Adult children caring for elderly parents often face significant resistance from loved ones when they suggest any senior care option. This resistance can feel out-sized, selfish, and at times even delusional to adult children who notice the challenges elderly parents face while navigating everyday life.
One of the most effective tools for overcoming resistance in any adult, especially when caring for elderly parents, is to reframe how we approach and communicate about the situation. In this post, we’ll share some of our top tips for reframing these conversations with elderly parents. For the purposes of the below, we’re assuming the adult children would like their loved one to consider bringing in some help at home to maintain their independence.
Step 1: Acknowledge their need for control.
Remember This: Elderly parents suffer significant losses as they age. They may lose spouses, friends, physical or mental prowess, community standing, etc. Elderly parents struggle to maintain control because they are losing it in so many other areas of their life.
Say This: Mom/Dad, I know you love your home, and you cherish the life you have lived here independently for so many years. Anyone would. That’s why I/we want to do everything in our power to support you and to help you maintain control and independence over your life and future decisions.
Step 2: State your intentions.
Remember This: We all act in our own self-interest at times with baked-in biases and preferences. You can take a great deal of pressure off you and your loved one by setting and expressing your intention to help them first. Let them know you’re not here to push them around, you’re here to help them act according to their wishes. Whenever you’re at odds or need to redirect yourself or your loved one, simply re-state this intention.

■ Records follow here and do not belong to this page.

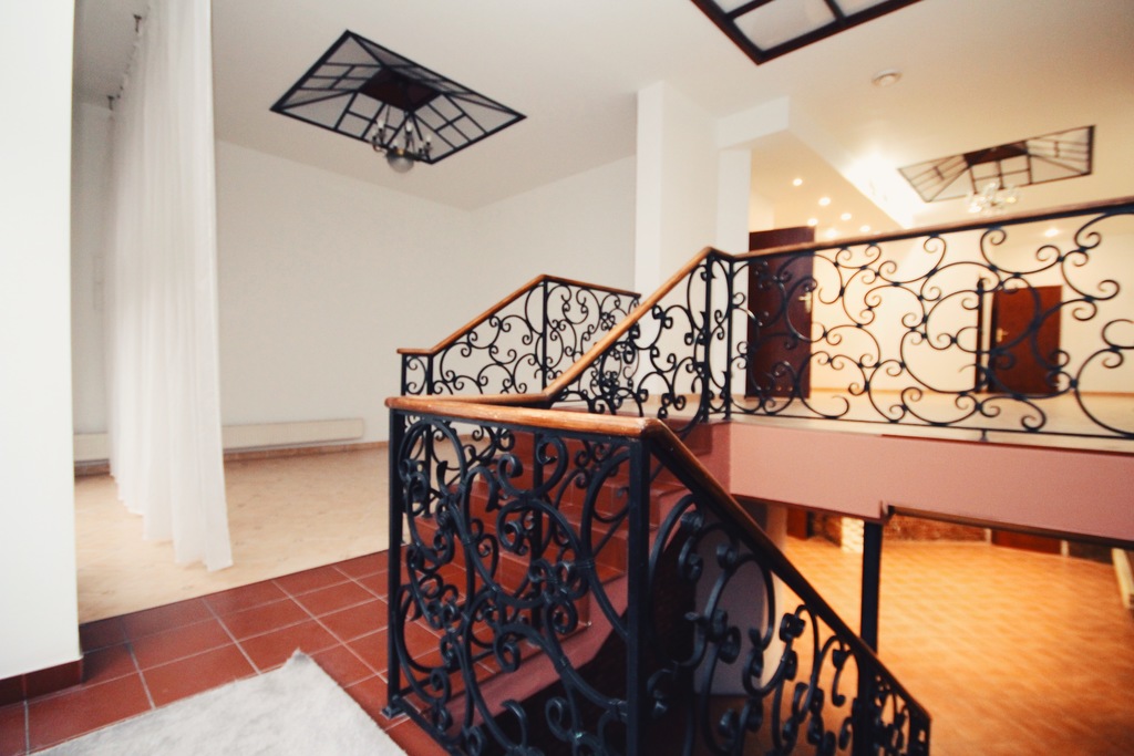 wejście równo z ulicą, przestrzeń przechodząca w duże schody prowadzące na podwyższony parter oraz w dół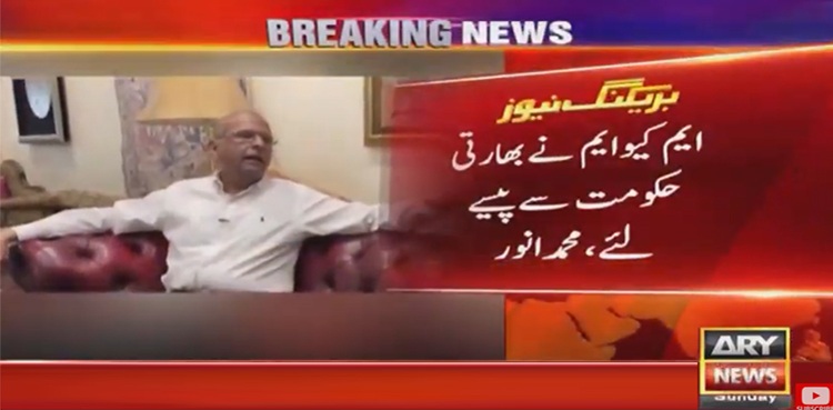 لندن: ایم کیو ایم کے سابق رہنما محمد انور نے انکشاف کیا ہے کہ ایم کیوایم نے بھارتی حکومت سے پیسے لیے تھے۔
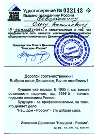 Although it was critical of the war in Chechnya, Viktor Chernomyrdin and NDR played a central role in supporting Yeltsin in his 1996 bid for re-election as President of the Russian Federation. "To sum up why Our Home – Russia is for Yeltsin, I can say only one thing--because we are for reforms, for the constitution of Russia, for peace in Chechnya, for a normal life in Russia," Chernomyrdin told ITAR-TASS news agency in 1996.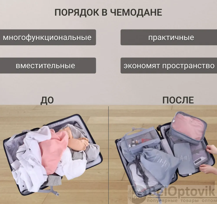 Наши дорожные органайзеры для чемодана представляют собой удобный и практичный набор органайзеров, который поможет вам организовать и упаковать вещи в вашем чемодане. Органайзеры предназначены для хранения одежды, обуви, косметики, аксессуаров и других мелочей, которые часто теряются в пути.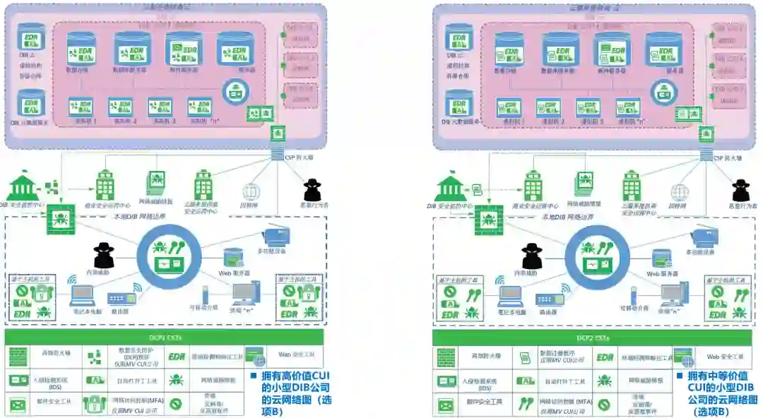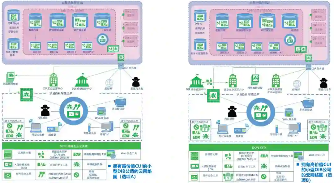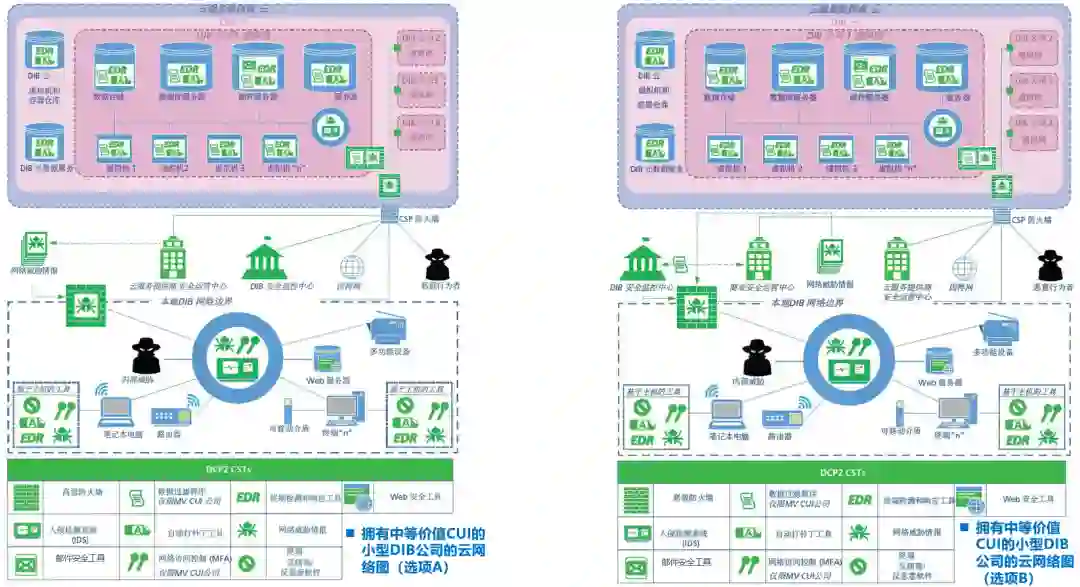 图7-大型公司(选项A):本地网络 vs. 云网络上面左、右两图的安全能力几乎是相同的,其主要差异在于是否上云。而上云情况下主要是由云服务提供商(CSP)提供对DIB公司云中飞地(其中包含邮件、门户网站等)的安全防护。 3.2)小型DIB公司场景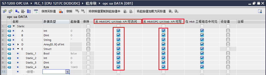 **3. 建立通信变量,**双击打开新建的DB块,并建立通信的变量,并根据需求勾选不同变量的OPC UA 读写访问属性,如图8所示。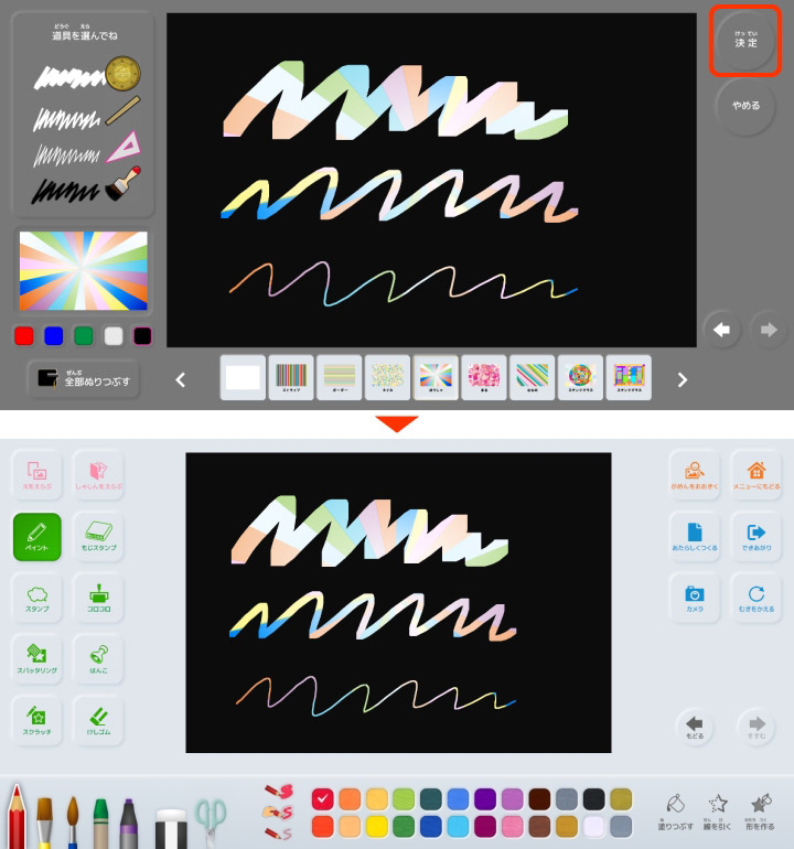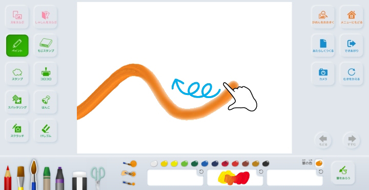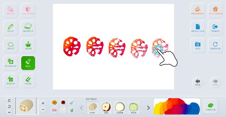 - 画用紙の上で一度タップすると、コロコロスタンプの最初のイラストだけを押すことができます。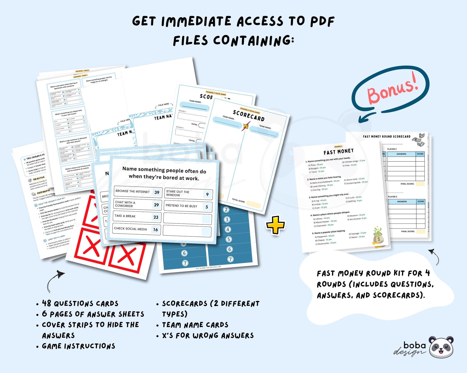With 48 question cards, answer sheets, team name cards, scorecards, and a Fast Money Round kit, you’ll be all set for an unforgettable game night!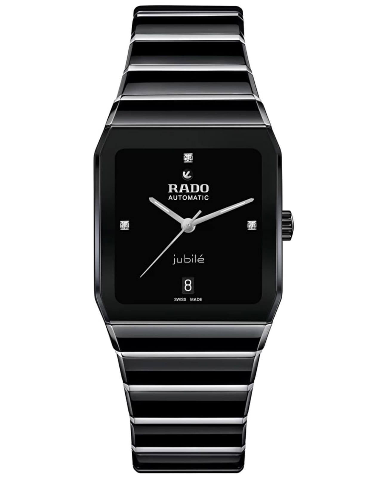 Мужские швейцарские механические часы Rado Anatom Automatic R10201712. Сапфировое стеклоСапфировое стеклоПрочный и надёжный материал из кристалла сапфира синтетического происхождения, характеризующийся особой твёрдостью и устойчивостью к царапинам и повреждениям. устойчивое к мелким механическим повреждениям. Корпус часов изготовлен из нержавеющей стали и керамики. Стрелки с люминесцентным покрытиемЛюминесцентное покрытиеПозволяет считывать показания времени в темноте. Производители наносят на стрелки, часовые индексы, безель или поверхность циферблата светонакопительный состав, дающий холодное свечение.. Венчает циферблат на отметке 12 часов культовый подвижный якорь, дополненный сдержанным окошком даты, расположенным на отметке 6 часов. Класс водозащиты: 50 метров, позволит защитить корпус от случайных брызг или капель дождя. Стальной браслет и керамика на застёжке-бабочке с кнопкамиЗастёжка "бабочка"Такой вид застёжки дополняется предохранителями, помогающими избежать случайного раскрытия браслета. Обладают изящным исполнением. . 3 бриллианта Top Wesselton полной огранки и стрелки цвета родия с белым покрытием Super-LumiNova® создают сияющий контраст на фоне глубины циферблата.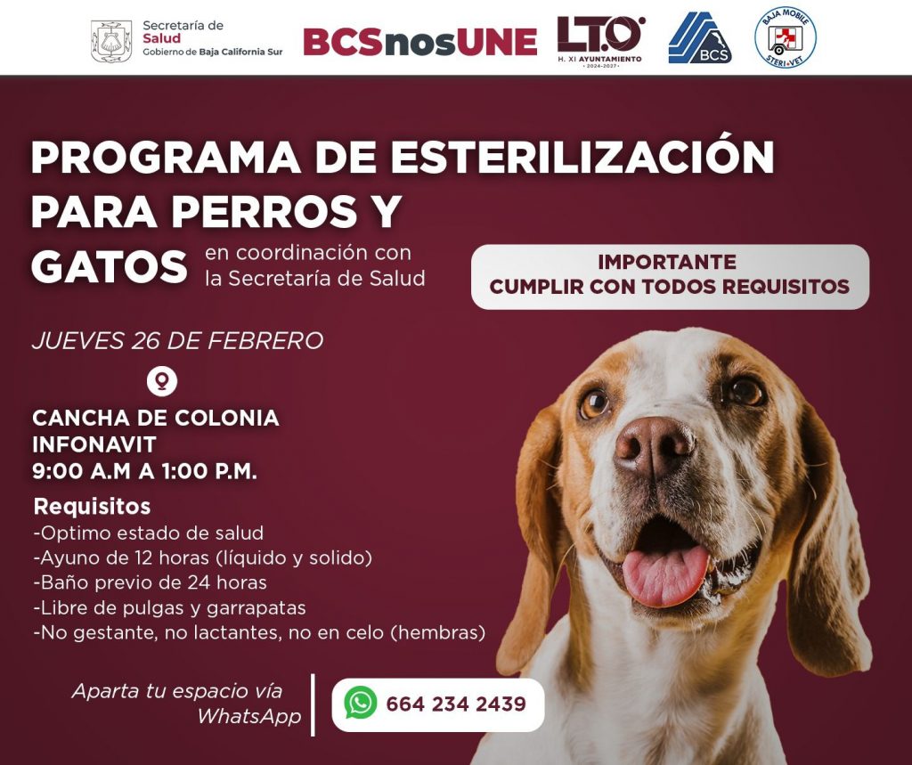 Loreto, B.C.S., 24 de febrero de 2026.– El XI Ayuntamiento de Loreto en coordinación con la Secretaría de Salud, invita a la ciudadanía a participar en una nueva jornada del programa permanente de esterilización para perros y gatos, que se llevará a cabo el próximo 26 de febrero en la cancha de la colonia Infonavit, en un horario de 9:00 de la mañana a 1:00 de la tarde.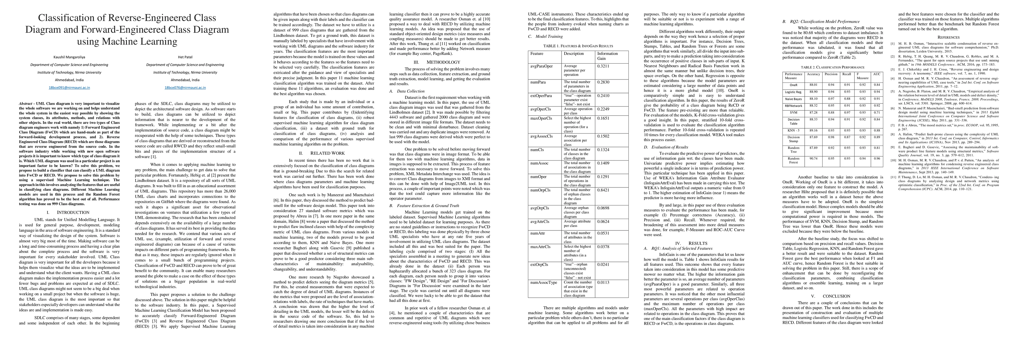 UML Class diagram is very important to visualize the whole software we are working on and helps understand the whole system in the easiest way possible by showing the system classes, its attributes, methods, and relations with other objects. In the real world, there are two types of Class diagram engineers work with namely 1) Forward Engineered Class Diagram (FwCD) which are hand-made as part of the forward-looking development process, and 2). Reverse Engineered Class Diagram (RECD) which are those diagrams that are reverse engineered from the source code. In the software industry while working with new open software projects it is important to know which type of class diagram it is. Which UML diagram was used in a particular project is an important factor to be known? To solve this problem, we propose to build a classifier that can classify a UML diagram into FwCD or RECD. We propose to solve this problem by using a supervised Machine Learning technique. The approach in this involves analyzing the features that are useful in classifying class diagrams. Different Machine Learning models are used in this process and the Random Forest algorithm has proved to be the best out of all. Performance testing was done on 999 Class diagrams.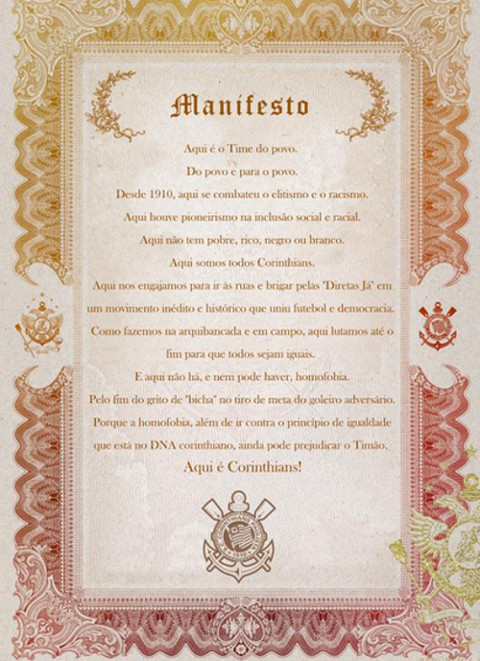 No texto, o Corinthians cita a história do clube , a fama de time do povo, recorre ao período da Democracia na década de 80 e afirma: "(...) a homofobia, além de ir contra o princípio de igualdade que está no DNA corinthiano, ainda pode prejudicar o Timão".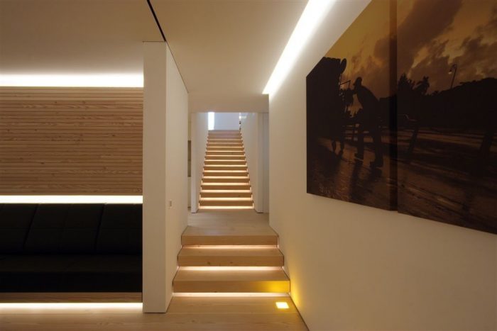 The new space is organized in two functional areas: the first, for service, is defined by a long linear counter, one meter-twenty high, cladded in white Corian and with a bottom light cover which grants it a sense of lightness in the space. The second area is the one reserved to the customers, and it’s characterized by a bench upholstered in white leather which runs longitudinally and turns around the walls at the end to emphasize the continuity and wrap the space as much as possible.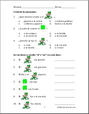 Practica lectura y vocabulario con este cuento con dibujos sobre un gnomo de San Patricio. Niveles elementarios. Practice reading and vocabulary with this rebus about a leprechaun. Elementary levels.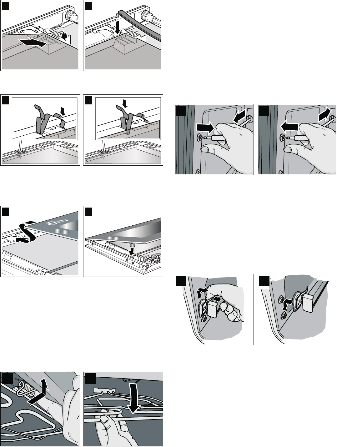 2.Türscheibe seitlich andrücken, bis sie einrastet (Bild F).
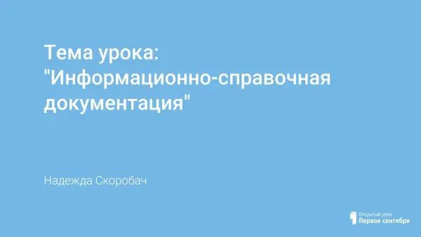 Занятие по теме «Информационно-справочная документация» носит практическую направленность. Включает в себя фронтальную теоретическую и практическую проверку изученного ранее, изучение нового материала с индивидуальной практической работой.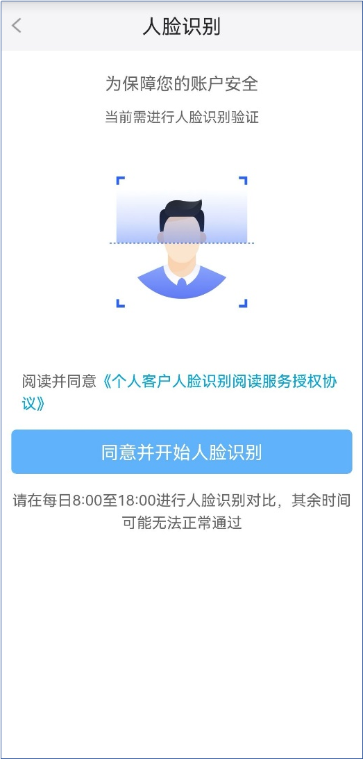 ④.用戶在人臉識別引導頁點擊同意并開始人臉識別,進入人臉識別頁面,按照頁面提示完成人臉識別。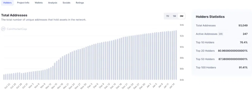 สัญญาณในเชิงบวกอีกอย่างคือการเพิ่มขึ้นอย่างต่อเนื่องของจำนวน Unique Address (จำนวนของที่อยู่ของกระเป๋าเงินที่ไม่ซ้ำกันที่ถือครองโทเค็น) ที่ถือโทเค็น AMP ในขณะที่สิ่งนี้จะเป็นผลในเชิงบวกต่อความเคลื่อนไหวของราคา แต่สิ่งที่น่ากังวลก็คือผู้ถือครองโทเค็น AMP ใน 100 อันดับแรกถือครองมากกว่า 91% ของสินทรัพย์ทั้งหมด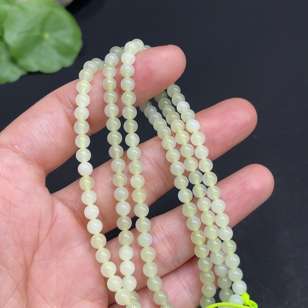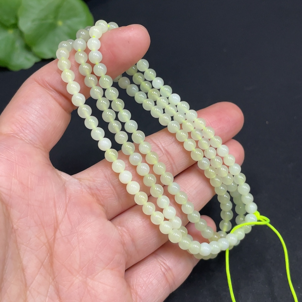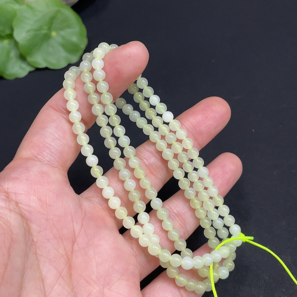 Hetian Jade Bead Necklace, Approx. 3.8mm, Total Weight Approx. 14.5g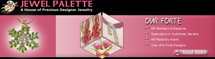 A designer for new ideas, a gemologist for an accurate choice of stones, a team of trained and devoted manufacturers, a network for accurate market information and an excellent customer service are the main ingredients of JEWEL PALETTE. The Team of Jewel Palette comprises of fresh women enterpreneurs Uma Bordia, Anima Bordia and Samta Baid. While Anima and Uma handle manufacturing, Samta is the designer behind the creativity of Jewel Palette.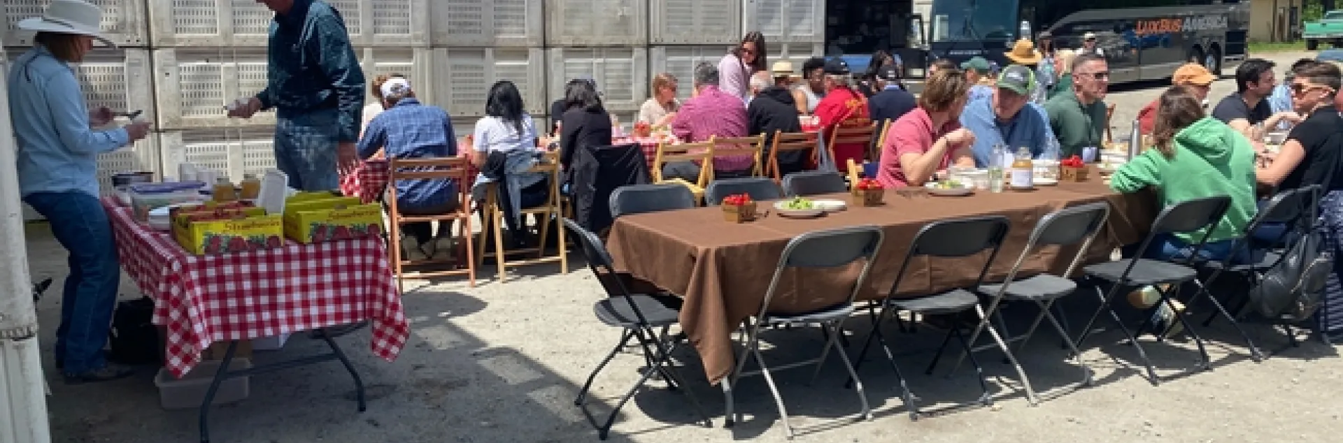 About 53 folks who were part of the GOOGLE Food Lab out of Mountain View, CA were treated to a half-day walking tour and lunch at the beautiful organic farm of Phil and Katherine just east of Hollister, CA on April 25, 2023. The GOOGLE Food Lab describes itself as "an invitation-only community of food leaders, change agents and visionaries, creating positive change across food systems." Pinnacle Organically Grown Produce was chosen to host part of the group's 2023 tour because of the farm's long-term leadership and pioneering progress on organic vegetable production systems that use a wide range of beneficial practices that contribute to the farm's diversity, soil health, employee welfare, and economic success. The multitude of the Fosters' practices including use of 'single-line' cover crops to conserve water, on-farm composting and routine field application of compost, hedgerows, and reduced disturbance tillage, were on display during the two-hour walking tours that Phil Foster along with Jeff Mitchell took the visitors on. The tour was coordinated by Eva Antczak of GOOGLE following an earlier visit to the farm by Michiel Bakker, GOOGLE's Vice President of Global Workplace Programs in 2022.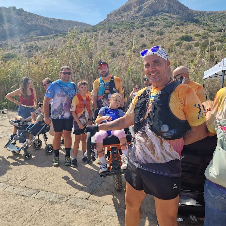 En la aventura celebrada el pasado sábado, Joaquín Susmozas con su hija Julia, que padece una enfermedad rara, y resto de integrantes del Sector Tierra, recorrieron 21 kilómetros con 650 de desnivel positivo entre Cala Reona y Portmán.

Say This: My/Our intentions are solely to help. I/we will stand by you and help you with whatever decision you choose. The important thing is that we stick together as a family and determine how you want to handle this so we can act according to your wishes.
Step 3: Outline any concerns.
Remember This: This shouldn’t be a laundry list of your loved one’s deficiencies. Instead, identify and organize your concerns and do your research. If you need a good place to start, think… “how have I been supporting this person to help them maintain their independence?”
Say This: As you know, I’ve/we’ve been very concerned recently about some incidences related to your memory and self-awareness. What may seem like simple forgetfulness to you now could easily lead to serious situations that could compromise your health and safety in the future. Since I/we can’t be present 24/7, even if something small occurs, it could be difficult for us to intervene meaningfully before something serious occurs. I don’t/none of us want to see you forced into making a decision outside of your control. That likely means acting before you feel ‘ready,’ but deciding now prevents us from being forced into a situation that you can’t control later. And it really helps me support you better.
Step 4: Transition to a discussion about the options.
Remember This: You do not own stock in these senior care options, so don’t over-invest in any option! Remember that ‘doing nothing’ is ALSO an option and decision that an independent and autonomous adult is allowed to make. If your loved one makes that decision (and many will!), the best way to address that is to gently but kindly set boundaries around how much support you can provide. And, to remind your loved one that by delaying or refusing to get help, they may have less choice in future.
Say This: Let’s talk about the options I’ve/we’ve explored recently and some ways you can maintain your independence and bring this situation under better control.
- Stay at Home Safely. Our/my understanding is that living at home independently is your highest priority. We/I totally understand and agree with that. But I/we need some support to help me/us do that. A Service like CarePods can help me/us with additional support to address some of the above concerns while also helping you stay at home and maintain your health. While it may take you some time to get used to having ‘new’ people coming into your home occasionally, we agree that this is an affordable and appropriate option that keeps you independent and at home where you want to be.
- Do nothing. In the event you choose this option, this means that I/we will need to be on-hand more to support you because of these concerns. Or, that I/we don’t provide additional support because I/we have other demands on my time. Then, we could wait until something ‘bad’ happens and you may need to be hospitalized or go to a facility. I respect your right to make this choice but want you to understand how it may impact me and you in the future.
Step 5: Repeat as needed while caring for your elderly parents.
Remember this: The conversation likely won’t flow this naturally or easily but try to stick to the outline if you get lost or hit a roadblock. The goal is to ‘go with the resistance’ instead of fighting your loved one. If staying home with help is their option of choice, GREAT, let’s make progress there.
If the option is to do nothing, you’ll need to reiterate that that is the only choice that stymies their ability to remain in control and puts you and the family in a difficult position. You’ll need to be firm and patient in reminding them that if they choose not to act; they’re asking you to do more and putting their future independence and health at risk.